The performance was achieved by having good market timing in a quarter that saw a sharp correction in equity markets in February and a strong recovery in March. Good timing in building up exposure on Japan ( +9.5 % in March ) and on Chinese equities ( -3.5 % in Q1 2010 ) as well as a good timing on the expected turn in the USD yielded the positive results.
Looking ahead for the rest of 2010, the Western econômies are charaterized by DEFLATION in the real economies, particularly in the US, and INFLATION in the financial markets, fueled by quasi zero nominal interest rates. In addition, the Chinese economy is powering ahead thanks to Goldilocks conditions, strong economic growth, strong consumption, strong investments, massive money supply growth, strong bank lending and a recovery in exports.
We expect Chinese H - shares to appreciate by +70 % over the next 9 moths on the back of record earnings growth, massively positive liquidity conditions and valuation expansion on the back of strong inflationnary pressures.
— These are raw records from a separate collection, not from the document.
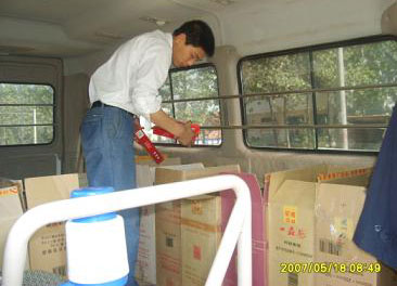 圖為稽查人員監(jiān)督檢查營銷部送貨車輛的情況
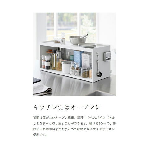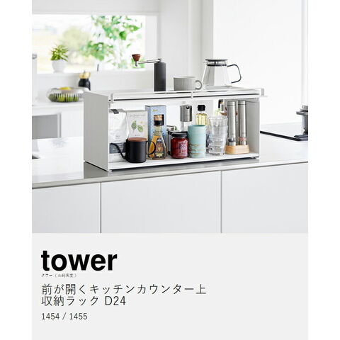 [ 前が開くキッチンカウンター上収納ラック タワー D24 ] 山崎実業 tower 調味料ラック キッチン収納 ブレッドケース フラップ扉 ストッカー 調味料ストッカー おしゃれ モノトーン yamazaki 公式
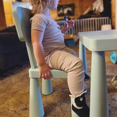 Could this little table and chair set be any cuter? No! I ordered it because it was $150 off. I love pale pink. Our granddaughters adore tea parties. It is sturdy and nice area on top to play with anything one could imagine. Chair legs were a bit of a challenge, nothing insurmountable. I sat on a chair also at 140 pounds, no worries. Are you having withdrawal after Christmas shopping like me? Purchase this darling table with two chairs for a quick cheer up! Retail therapy at its best. It also comes in white and pale blue. But pink is the best!
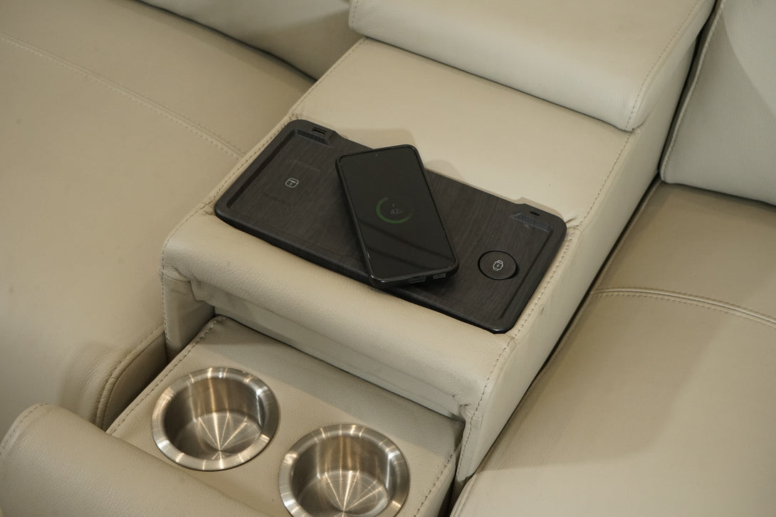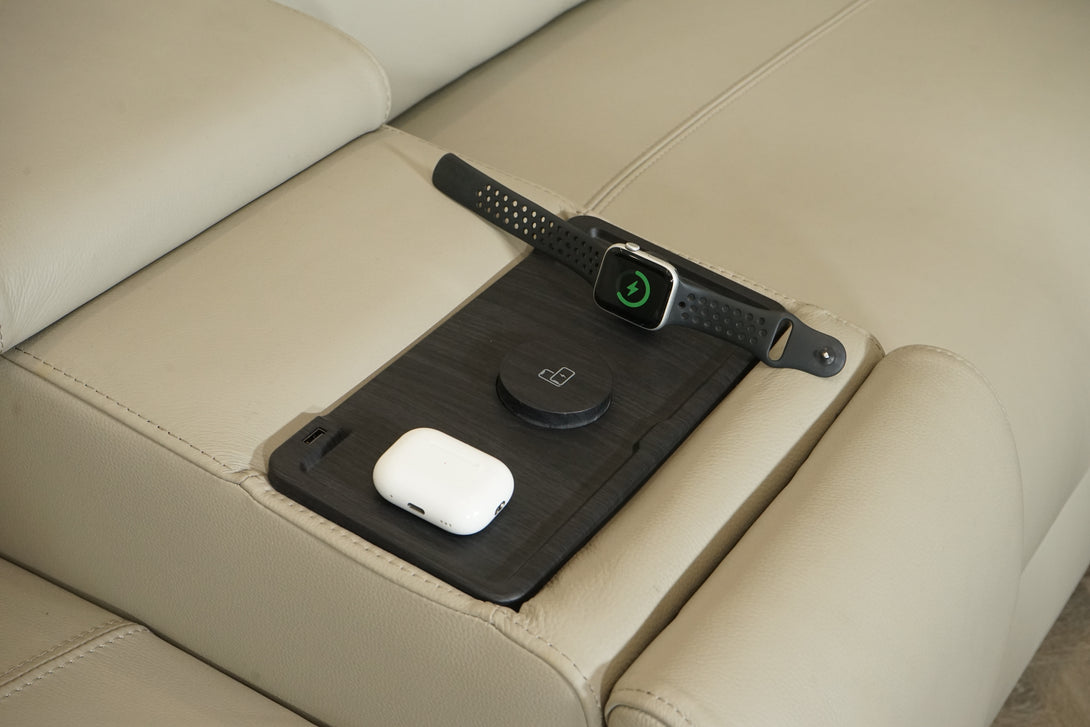 - Detachable smart console with wireless charging for mobile, AirPods & Apple Watch, plus USB-C and standard USB ports

China's inflation will explode upwards to 6 % in Q3 forcing the hand of the Government to let the RMB appreciate.
One of the most important structural phenomenon is that JAPAN is pulling out of its 20 years deflationary conditions and is starting a new long term phase of growth and market appreciation. The Japanese Yen has turned decisively and should depreciate towards 111 in 2010 while consumption, exports and inflation come back to the system in virtuous cycle.
At 11 000 the Nikkei 225 trades at the same level as in 1984 after having bottomed out twice and both local and international investors being massively underweighted this cheap market.
All in all, 2010 should prove to be abumper year for these Asian markets while US tReasury bonds are offering exceptional value at yields of 4.78 % when US inflation will move into negative over the year. we expect a susbtantial rally in the long end of the US Treasury market starting in June 2010.as the market consensus suddenly realizes that DEFLATION is there rather than the expected inflation.
Commodities are at risk as financial players are again dominating this space rather than the ultimate supply/demand. Failure of Gold, Oil and Copper to make new highs rapidly would trigger a massive sell-off. This is the msot dangerous area of the financial marekts at the moment and we stay well clear of it.